Spiked (also written as sp!ked) is a British Internet magazine focusing on politics, culture and society. The magazine was founded in 2001 with the same editor and many of the same contributors as Living Marxism, which had closed in 2000 after losing a case for libel brought by ITN.[2][3] It is funded in part by donations from the Charles Koch Foundation.[4][5][6]

There is general agreement that Spiked is libertarian, with the majority of specialist academic sources identifying it as right-libertarian, and some non-specialist sources identifying it as left-libertarian.[7][8][9][10][11][12] Activists associated with Spiked, sometimes described as part of "the Spiked network", took part in the Brexit Party as candidates or publicists,[13][14] while disagreeing with Nigel Farage on many domestic issues.
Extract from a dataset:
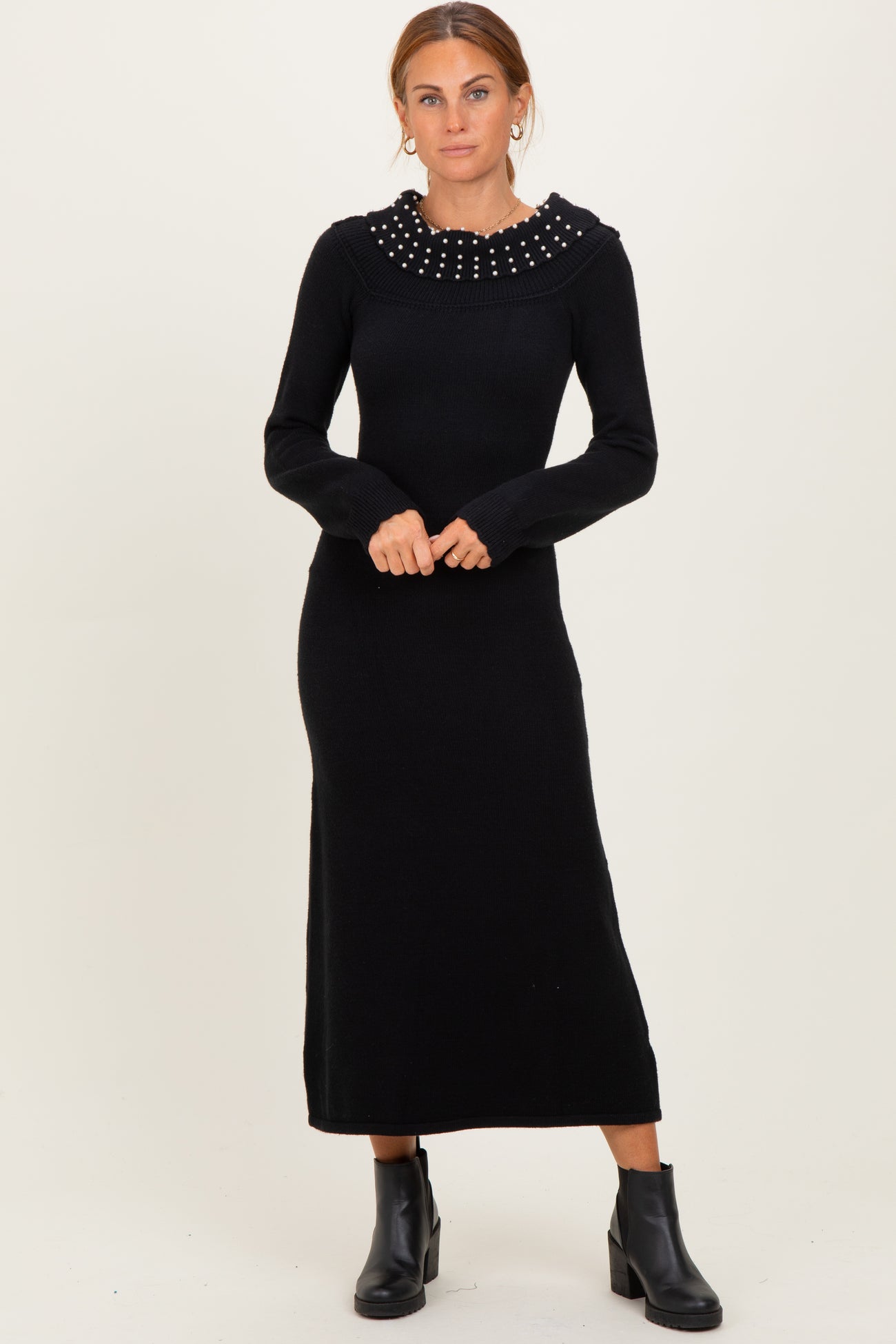 Elevate your wardrobe with this Black Faux Pearl Detail Off Shoulder Sweater Dress. Crafted from soft, cozy knit fabric, this dress offers warmth and elegance for cooler days. The off-shoulder neckline is beautifully adorned with delicate faux pearl accents, adding a touch of sophistication to the classic black silhouette. Featuring long sleeves and a midi length, it effortlessly combines comfort and style. Perfect for both casual outings and special occasions, pair it with ankle boots or heels for a chic, polished look. Embrace timeless elegance with this must-have dress.
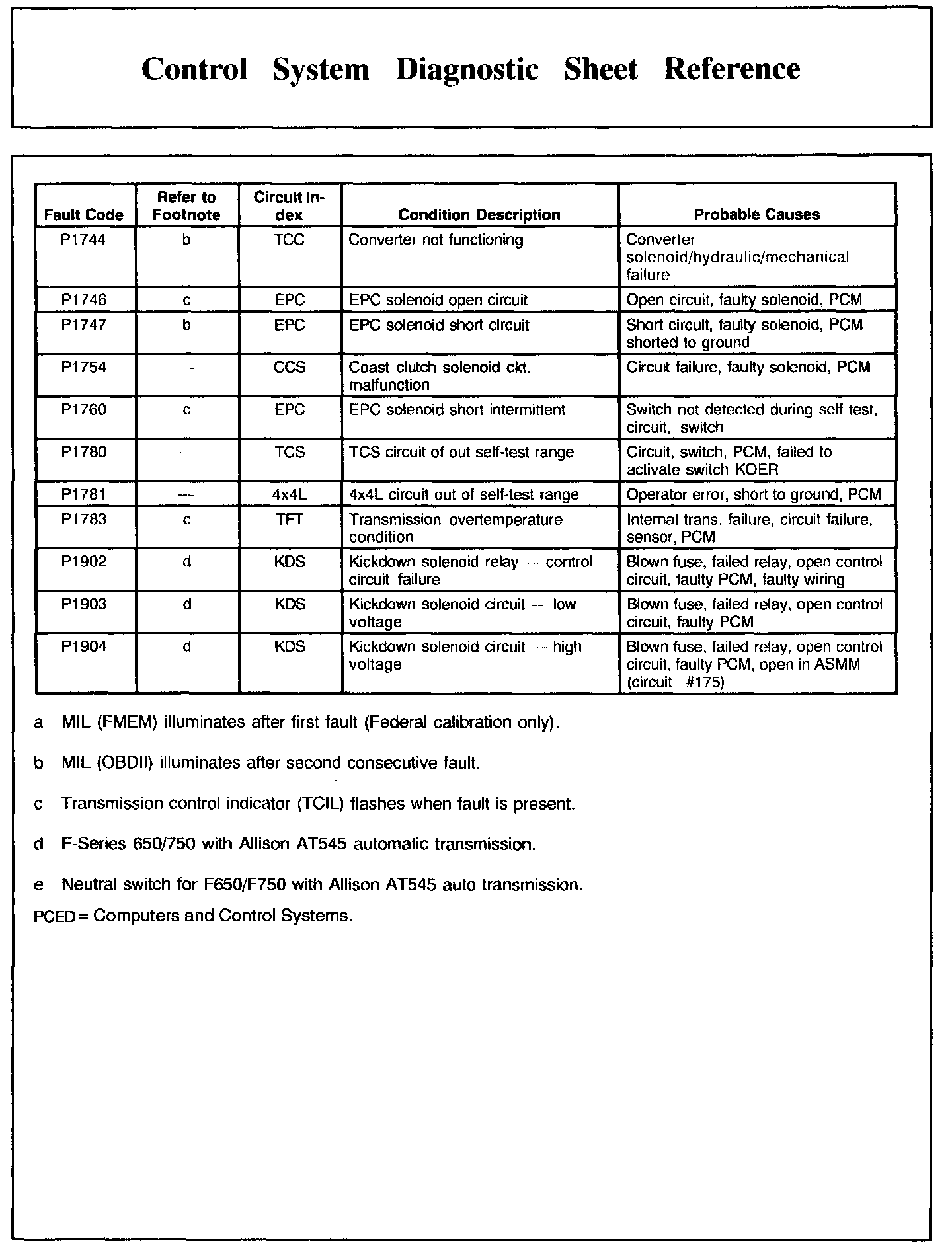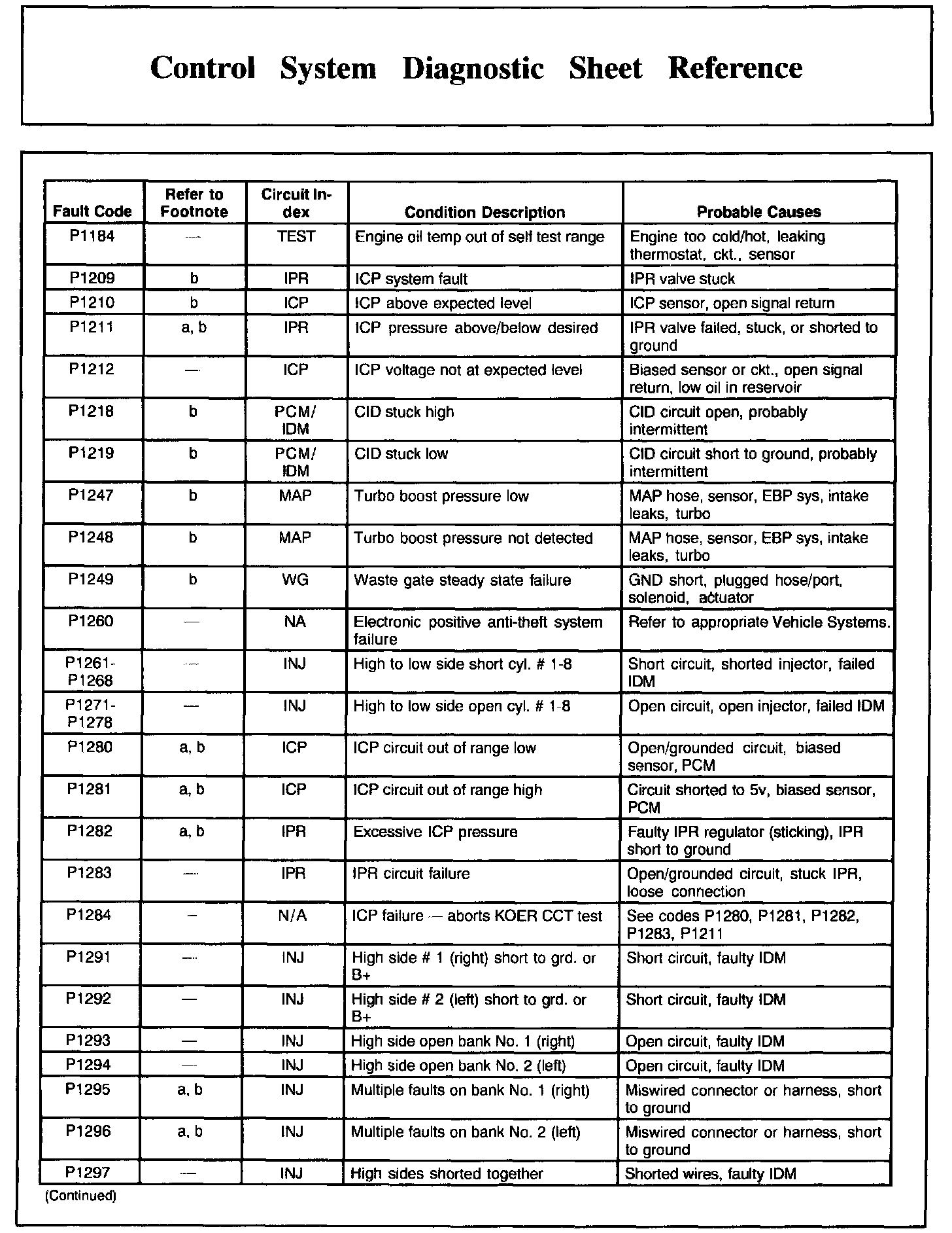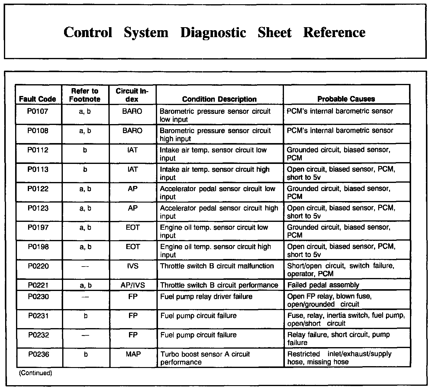 DTC Condition/Cause Chart, Part 1:

Editors and contributors[edit]

Spiked is edited by Brendan O'Neill,[15] who self identifies as a Libertarian Marxist,[16][17] following Mick Hume's departure in January 2007.[citation needed]

The magazine also produces a number of podcasts, with contributors including Christopher Snowdon.[citation needed]

Origin[edit]

The magazine was founded in 2000 after the bankruptcy of its predecessor, the Revolutionary Communist Party's Living Marxism (LM).[18][2][19]

LM closed after losing a libel case brought against it by the broadcasting corporation ITN.[20][3] The case centered around ITN coverage of Fikret Alić and other Bosnian Muslims standing behind a barbed-wire fence at the Trnopolje camp during the Bosnian war. LM claimed to oppose Western intervention on traditional anti-imperialist grounds, and published an article titled "The Picture that Fooled the World"[21] which claimed that ITN's coverage was deceptive, the barbed-wire did not enclose the camp and the Muslims were in fact "refugees, many of whom went there seeking safety and could leave again if they wished." During the court case, evidence given by the camp doctor led LM to abandon its defence. ITN was awarded damages and costs, estimated to be around £1 million.[18][22][23]

Content[edit]

Articles in the magazine have opposed censorship,[24] and its writers have called for a repeal of libel,[25] hate speech,[26] and incitement laws.[27][28] Spiked regularly critiques risk society, political correctness, and environmentalism.[13] As regards the latter, a particular Spiked target has been what they see as "exaggerated" and "hysterical" interpretations of the scientific consensus on global warming, and what they argue are double standards advocated by more advanced Western nations for self-serving reasons.[29]

Environmentalists such as George Monbiot[30][13] and Peter Melchett have suggested that the group of writers associated with LM, several of whom went on to form the core editorial group at Spiked, continue to constitute a 'LM Network' pursuing an ideologically motivated 'anti-environmentalist' agenda under the guise of promoting humanism.[31][32] In a 2007 interview in Spiked, Frank Furedi referred to these critics as "a network of McCarthyites".[33] Monbiot described the views of Living Marxism as having, "less in common with the left than with the fanatical right."[34] In 2018, Monbiot wrote that, "Its [Spiked's] articles repeatedly defend figures on the hard right or far right: Katie Hopkins, Nigel Farage, Alex Jones, the Democratic Football Lads’ Alliance, Tommy Robinson, Toby Young, Arron Banks, Viktor Orbán".[5]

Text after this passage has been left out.